1959 mid-air collision in Brazil

VASP Flight 233 was a scheduled domestic passenger flight from Brasilia, Brazil to Natal, Brazil with four stopovers (Rio de Janeiro, São Paulo, Salvador and Recife). On December 22, 1959, during the approach at Galeão International Airport, the plane collided with a Brazilian Air Force's (FAB) Fokker T-21. The Vickers Viscount plummeted into the ground, killing all 32 people on board in addition to 10 on the ground. The T-21 pilot survived by parachuting out.

== Aircraft ==
=== Vickers Viscount 827 - PP-SRG ===
The aircraft involved was manufactured in 1959, and was received by VASP on January 29, 1959 with the registration of PP-SRG. At the time of the accident, it was the newest aircraft in VASP's fleet.

=== Fokker T-21 ===
The other aircraft involved was manufactured in 1959, registered as 0742.

== Accident ==
When the Viscount was about to land at Galeão Airport at 1:40 pm, its left wing was struck and partially torn off by the T-21 - as it just had performed a spin. The T-21 pilot, Eduardo da Silva Pereira, successfully escaped in a parachute just before the aircraft plowed onto a house, causing minor injuries to a woman.
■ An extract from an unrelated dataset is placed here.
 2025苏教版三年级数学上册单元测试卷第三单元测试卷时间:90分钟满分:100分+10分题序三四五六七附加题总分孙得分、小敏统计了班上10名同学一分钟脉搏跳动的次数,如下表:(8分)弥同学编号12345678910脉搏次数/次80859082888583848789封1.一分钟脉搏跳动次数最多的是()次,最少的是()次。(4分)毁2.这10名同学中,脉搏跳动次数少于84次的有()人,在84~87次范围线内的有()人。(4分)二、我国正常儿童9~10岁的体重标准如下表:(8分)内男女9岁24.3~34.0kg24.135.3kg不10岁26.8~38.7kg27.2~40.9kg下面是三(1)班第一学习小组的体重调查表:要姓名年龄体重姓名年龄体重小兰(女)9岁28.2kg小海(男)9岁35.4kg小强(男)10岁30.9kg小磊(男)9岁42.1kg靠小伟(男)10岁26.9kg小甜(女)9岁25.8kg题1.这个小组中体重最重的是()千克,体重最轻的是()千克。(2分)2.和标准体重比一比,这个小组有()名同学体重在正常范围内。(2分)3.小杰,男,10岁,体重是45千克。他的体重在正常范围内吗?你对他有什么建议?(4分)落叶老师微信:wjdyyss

Meanwhile, the Viscount spiraled into the ground despite the crew's efforts. Upon impact, the plane struck into several houses and exploded afterwards. 42 people (26 passengers, 6 crew members, 10 on the ground) perished.

Among the dead were:
- Writer Octávio Tarquínio de Sousa and his wife Lucia Miguel Pereira;
- Economist Benjamin Cabello;
- O Cruzeiro reporter Luciano Carneiro.

== Investigation ==
The Brazilian Air Force and Aeronautical Accidents Investigation and Prevention Center (CENIPA) investigated the tragedy with total confidentiality. It was found that:

- The Fokker T-21 lacked a radio, preventing communication with controllers at Galeão Airport.
- The pilot of the T-21 was inexperienced, having only 19 hours of flight time. He also invaded an airway designed for commercial aviation.
- The improperly located training area caused confusion to the pilots.

However, the investigators concluded that the main cause of the accident was the failure of both pilots to maintain adequate vigilance over other aircraft.

== Aftermath ==
About a year after the accident, Eduardo da Silva Pereira was expelled from the Air Force Academy.
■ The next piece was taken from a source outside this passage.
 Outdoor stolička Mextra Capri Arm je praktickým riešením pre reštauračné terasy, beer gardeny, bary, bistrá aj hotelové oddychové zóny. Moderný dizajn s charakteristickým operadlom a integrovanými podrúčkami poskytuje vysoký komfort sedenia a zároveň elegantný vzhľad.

The disaster caused a great commotion in society at the time. The magazine O Cruzeiro began a campaign against the presence of the aeronautical school near Galeão, urging the FAB to send its cadets to a new base planned in Pirassununga, Sao Paulo.

Caneiro was returning from Brasília after reporting on the first debutante ball in the newly inaugurated Federal Capital and was carrying a briefcase containing his camera and negatives. Despite the destruction, the negatives were only slightly damaged and were published as a posthumous tribute.

Because of the accident, the Pirassununga base project came into fruition. The Afonsos Air Force Base still continued its operation with restrictions until 1971

This collision, as well as another that occurred two months later (the 1960 Rio de Janeiro mid-air collision) put the city's air traffic control system to a test.